- _What is required_
Every entry that follows should be repeated exactly; drop the images.

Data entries
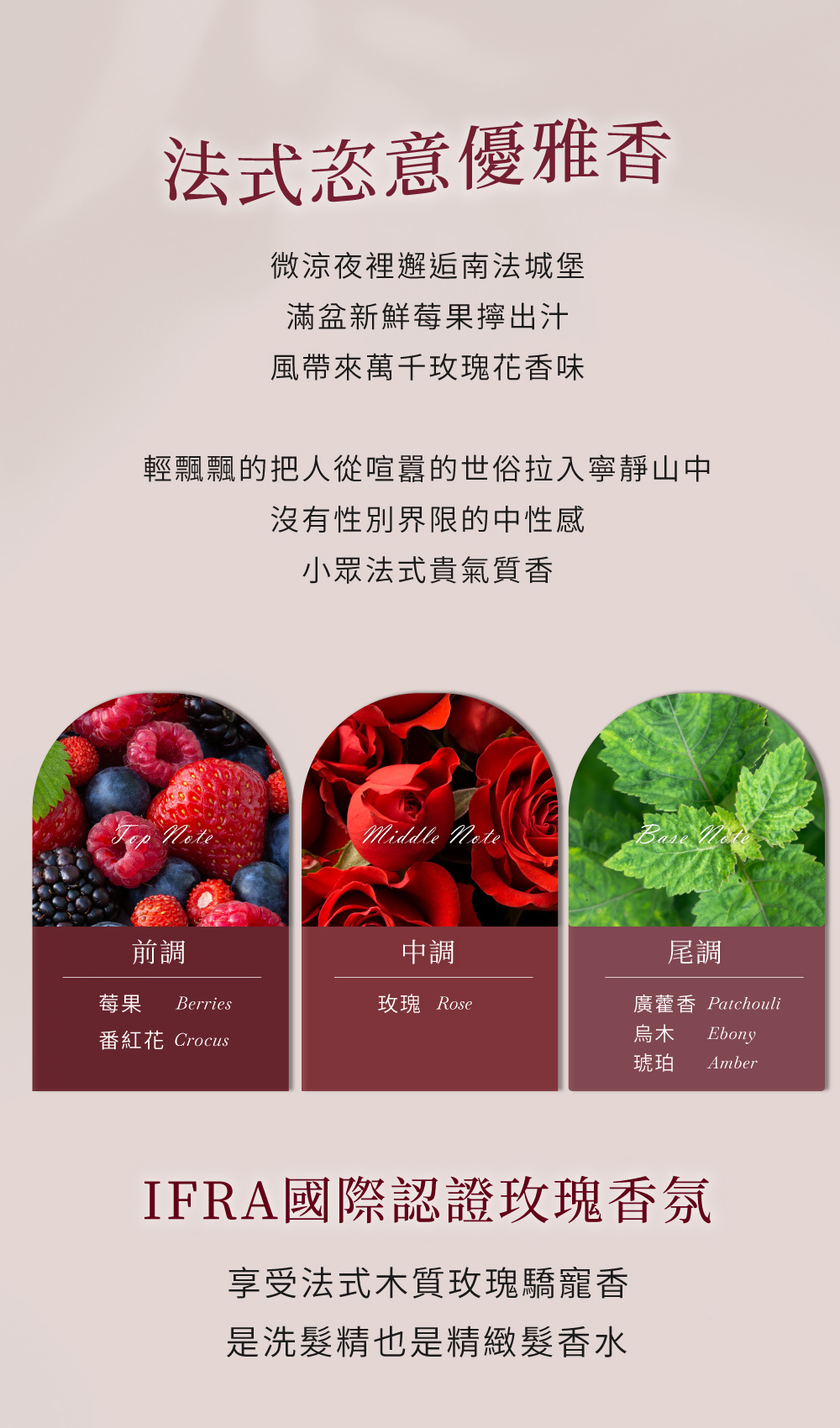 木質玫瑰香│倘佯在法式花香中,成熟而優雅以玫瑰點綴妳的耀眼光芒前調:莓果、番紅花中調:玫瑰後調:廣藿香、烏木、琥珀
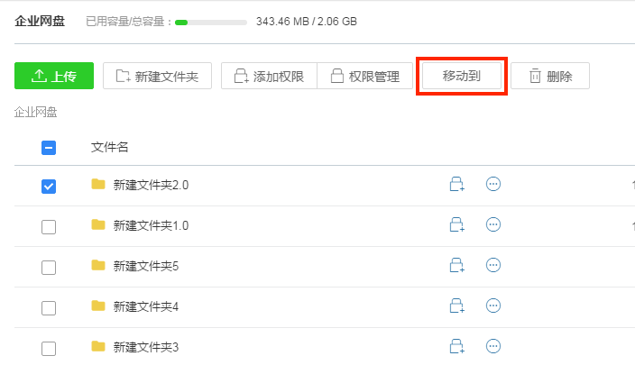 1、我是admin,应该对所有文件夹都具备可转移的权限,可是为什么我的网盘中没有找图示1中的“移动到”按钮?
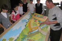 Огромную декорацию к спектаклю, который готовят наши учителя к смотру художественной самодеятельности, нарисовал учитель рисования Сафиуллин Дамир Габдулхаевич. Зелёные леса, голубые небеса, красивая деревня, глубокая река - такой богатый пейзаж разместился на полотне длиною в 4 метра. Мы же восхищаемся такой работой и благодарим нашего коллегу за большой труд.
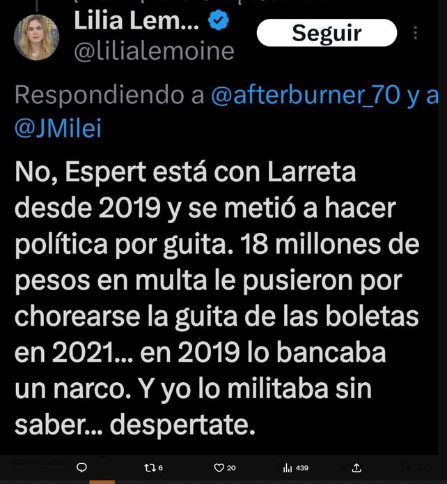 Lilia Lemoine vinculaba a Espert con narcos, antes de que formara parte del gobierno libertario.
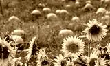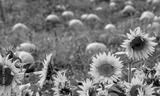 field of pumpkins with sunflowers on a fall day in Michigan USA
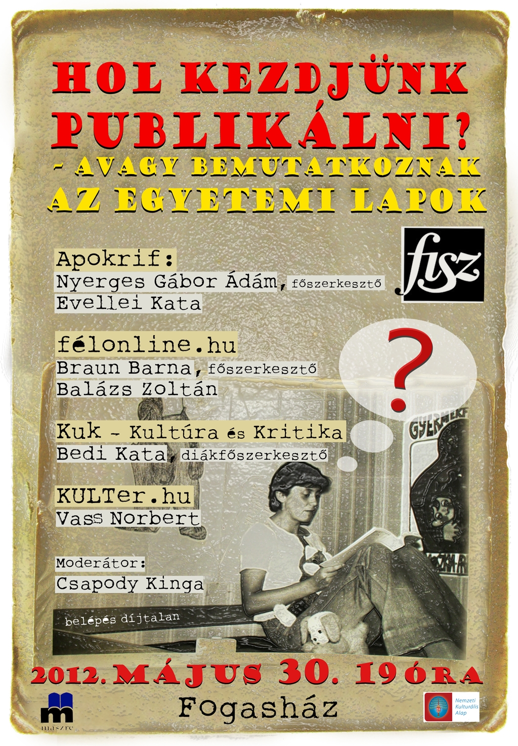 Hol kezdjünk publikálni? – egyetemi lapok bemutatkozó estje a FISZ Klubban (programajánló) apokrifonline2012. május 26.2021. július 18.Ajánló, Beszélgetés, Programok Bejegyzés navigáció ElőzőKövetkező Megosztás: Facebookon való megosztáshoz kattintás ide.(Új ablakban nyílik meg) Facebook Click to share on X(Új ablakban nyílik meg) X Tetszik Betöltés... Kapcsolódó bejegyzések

- _Solution to this exercise_
 木質玫瑰香│倘佯在法式花香中,成熟而優雅以玫瑰點綴妳的耀眼光芒前調:莓果、番紅花中調:玫瑰後調:廣藿香、烏木、琥珀
 1、我是admin,应该对所有文件夹都具备可转移的权限,可是为什么我的网盘中没有找图示1中的“移动到”按钮?
 Огромную декорацию к спектаклю, который готовят наши учителя к смотру художественной самодеятельности, нарисовал учитель рисования Сафиуллин Дамир Габдулхаевич. Зелёные леса, голубые небеса, красивая деревня, глубокая река - такой богатый пейзаж разместился на полотне длиною в 4 метра. Мы же восхищаемся такой работой и благодарим нашего коллегу за большой труд.
 Lilia Lemoine vinculaba a Espert con narcos, antes de que formara parte del gobierno libertario.
 field of pumpkins with sunflowers on a fall day in Michigan USA
 Hol kezdjünk publikálni? – egyetemi lapok bemutatkozó estje a FISZ Klubban (programajánló) apokrifonline2012. május 26.2021. július 18.Ajánló, Beszélgetés, Programok Bejegyzés navigáció ElőzőKövetkező Megosztás: Facebookon való megosztáshoz kattintás ide.(Új ablakban nyílik meg) Facebook Click to share on X(Új ablakban nyílik meg) X Tetszik Betöltés... Kapcsolódó bejegyzések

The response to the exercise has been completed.